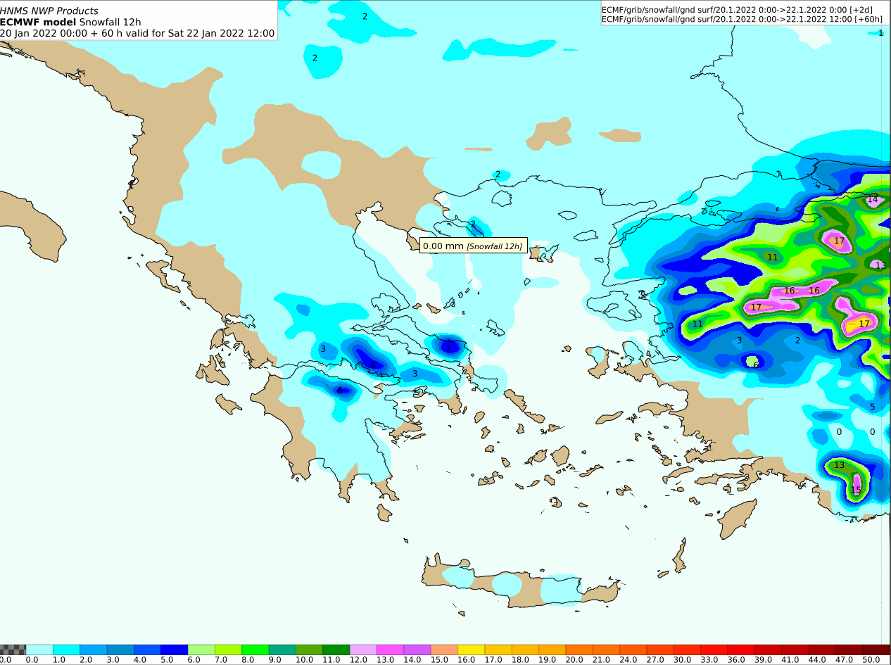Περιοχές χιονοπτώσεων Σάββατο 22-1-2022/12:00 UTC
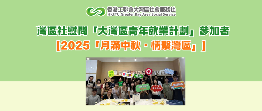 中秋佳節將至,為向在大灣區內地城市就業的香港青年傳遞關懷與溫暖,香港工聯會大灣區社會服務社(下稱灣區社)於9月開展了兩場「大灣區青年就業計劃」(下稱「計劃」)參加者慰問活動。
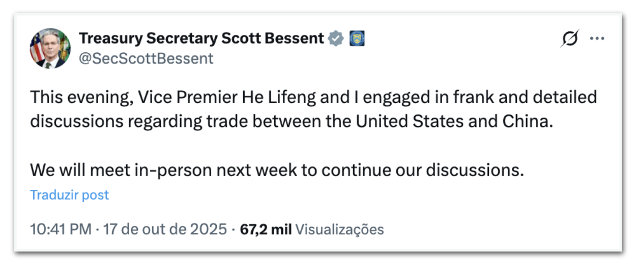 Bessent declarou também que ele e Lifeng vão se reunir presencialmente na próxima semana para retomar as discussões. Não deu uma data para o encontro. O anúncio ocorreu horas depois de Donald Trump (Partido Republicano) afirmar que vai se reunir com o presidente da China, Xi Jinping, na Coreia do Sul.
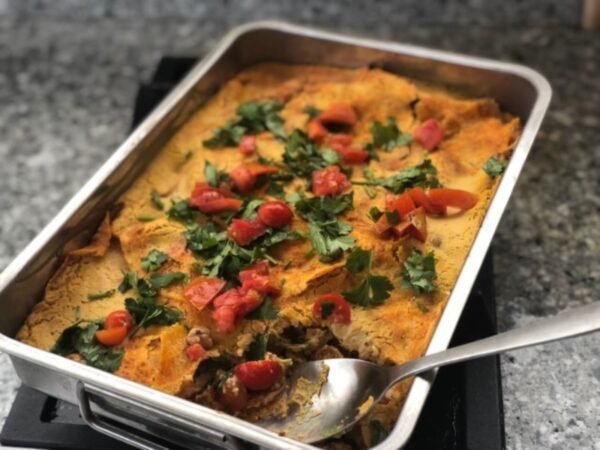 3. Montar la cazuela. Extienda una fina capa de salsa de manera uniforme sobre el fondo de una fuente para hornear de 10 por 8 pulgadas. Sumerge las tortillas en la salsa, cubriendo ambos lados, y apílalas en la esquina inferior izquierda del plato. Repita con más tortillas hasta cubrir el fondo de la cazuela. Agrega una capa de mezcla de verduras y unas 3 cucharadas de queso. Repita estas capas hasta llegar a la parte superior del plato y agregue la capa final de tortillas húmedas. Unte el resto de la salsa encima y agregue la salsa de queso encima de la cazuela.
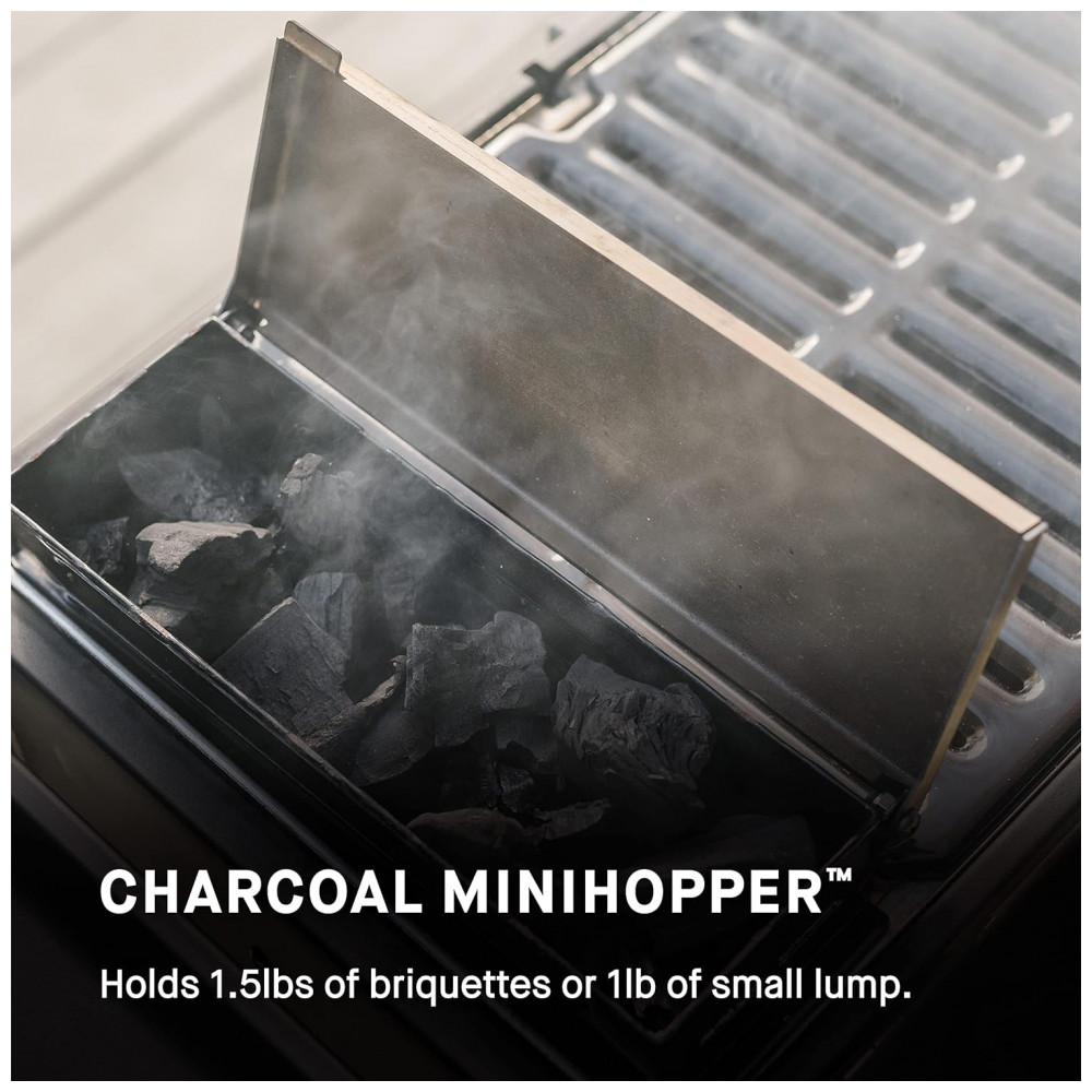 Carvão MiniHopper suporta 680g de briquetes ou 450g de pequenos pedaços por até 4 horas de uso

• [Directions for this task] With the images removed, give back every entry exactly as shown.

• [Output below]
Περιοχές χιονοπτώσεων Σάββατο 22-1-2022/12:00 UTC
 中秋佳節將至,為向在大灣區內地城市就業的香港青年傳遞關懷與溫暖,香港工聯會大灣區社會服務社(下稱灣區社)於9月開展了兩場「大灣區青年就業計劃」(下稱「計劃」)參加者慰問活動。
 Bessent declarou também que ele e Lifeng vão se reunir presencialmente na próxima semana para retomar as discussões. Não deu uma data para o encontro. O anúncio ocorreu horas depois de Donald Trump (Partido Republicano) afirmar que vai se reunir com o presidente da China, Xi Jinping, na Coreia do Sul.
 3. Montar la cazuela. Extienda una fina capa de salsa de manera uniforme sobre el fondo de una fuente para hornear de 10 por 8 pulgadas. Sumerge las tortillas en la salsa, cubriendo ambos lados, y apílalas en la esquina inferior izquierda del plato. Repita con más tortillas hasta cubrir el fondo de la cazuela. Agrega una capa de mezcla de verduras y unas 3 cucharadas de queso. Repita estas capas hasta llegar a la parte superior del plato y agregue la capa final de tortillas húmedas. Unte el resto de la salsa encima y agregue la salsa de queso encima de la cazuela.
 Carvão MiniHopper suporta 680g de briquetes ou 450g de pequenos pedaços por até 4 horas de uso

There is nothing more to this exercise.